Especially the section about the 'fourth set of questions,' down on the page

ANyhow, these were incredibly helpful for me, so am putting them out there



Blackbird11

Doggo these were all very informative and helpful thank you. I now realize I'm being groomed for a new cycle and these feelings of love - while they may be real for those "good" parts of him and the relationship - they don't override the very real abuse that has occurred and continues to occur.





Stillirise

Quote from: Blackbird11 on November 22, 2019, 10:32:06 AM
Doggo these were all very informative and helpful thank you. I now realize I'm being groomed for a new cycle and these feelings of love - while they may be real for those "good" parts of him and the relationship - they don't override the very real abuse that has occurred and continues to occur.
:yeahthat:

I've been living in M/C since June. Less blow-ups doesn't automatically make it a healthier relationship, and the relatively calm periods don't erase the extremely volatile ones of the past.
You may shoot me with your words,
You may cut me with your eyes,
You may kill me with your hatefulness,
But still, like air, I'll rise.
—Maya Angelou

Spygirl

Perhaps we are all volunteer for this same trap. Its really, really hard, especially after YEARS, to emotionally break ties.

I was here too. My therapist commented on how i might act if i was under tremendous stress. Would i rage at my spouse? Or would to go to them for comfort and emotional support?
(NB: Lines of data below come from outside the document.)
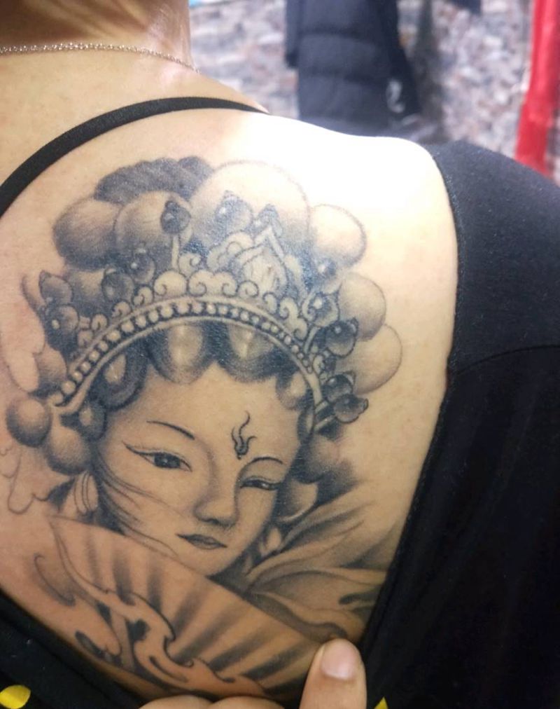 当前位置: 首页 >内蒙古乌兰察布市纹身店-匠一刺青纹身图案>花旦纹身图片_背部老传统纹身图案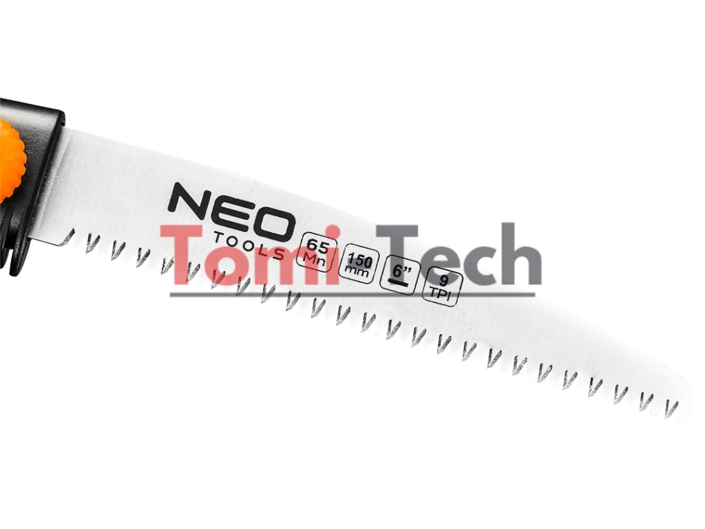 Rovná záhradná píla, dĺžka listu 150 mm, 9 TPI, oceľ 65 MN, 3D indukčne kalené zuby, list skrytý v rukoväti, zaistený skrutkou, súčasťou balenia je držiak na upevnenie na opasok.Dodatočné parametre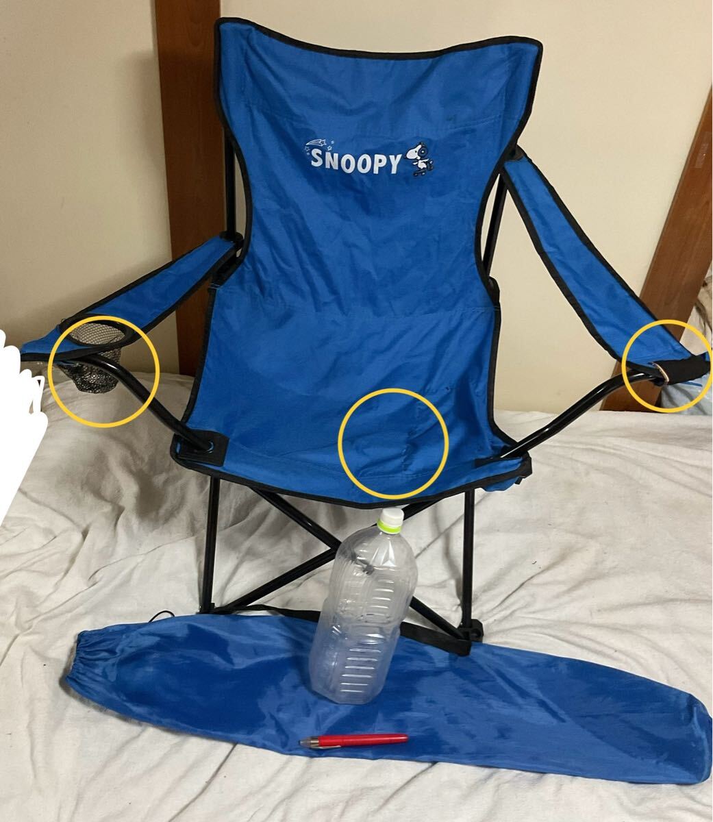 - 折り畳み椅子 携帯椅子 座面幅45奥行47高37 収納時 長80cm 1.8kg 青 SNOOPY ボトル置ネット他破れ補修跡複数 500円超10%オマケ 120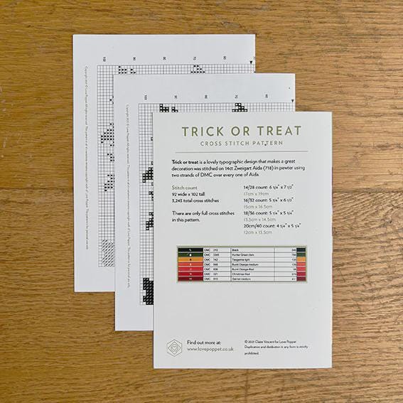 Trick or Treat counted cross stitch pattern by Love Poppet. Model stitched on 14ct Pewter Aida (718) from Zweigart using DMC floss. The pattern uses full cross stitches only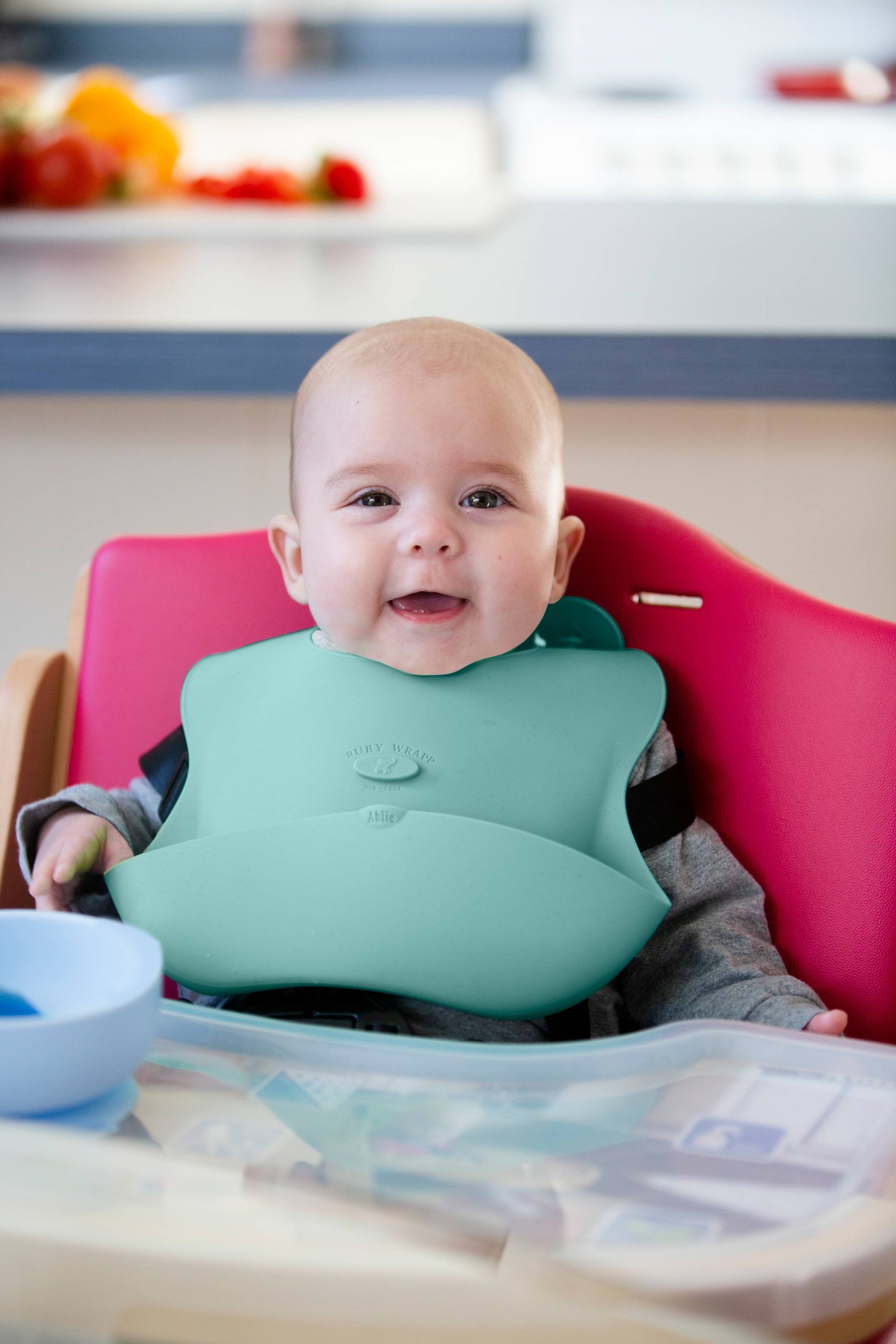 While your baby is enjoying delicious foods in their Abiie® high chair, keep mealtime messes in check with a Ruby Wrapp® Bib. Featuring a patented EZ-Wrap and BIB-LOCK, these baby feeding accessories can be folded and secured for compact, sanitary storage and travel use. Featuring lightweight food-grade silicone, the Ruby Wrapp’s soft and adjustable neckband is ergonomic and comfortable for sensitive necks.

If my spouse found my behavior towards them frightening , and told me so, would i continue to behave like that? Or would sincerely apologize and find ways to correct it permanently?

If my spouse felt abandoned, worried and lonely because i was out all hours of the nite often, driving home severly intoxicated, and would not divulge my activities, would i make changes for the benefit of the marriage? Would i ignore them? Would i tell them that "its my life, this is who i am"

If you flip the dynamics, it gets really twisted. It makes it clear how poorly the pd behaves towards the partner.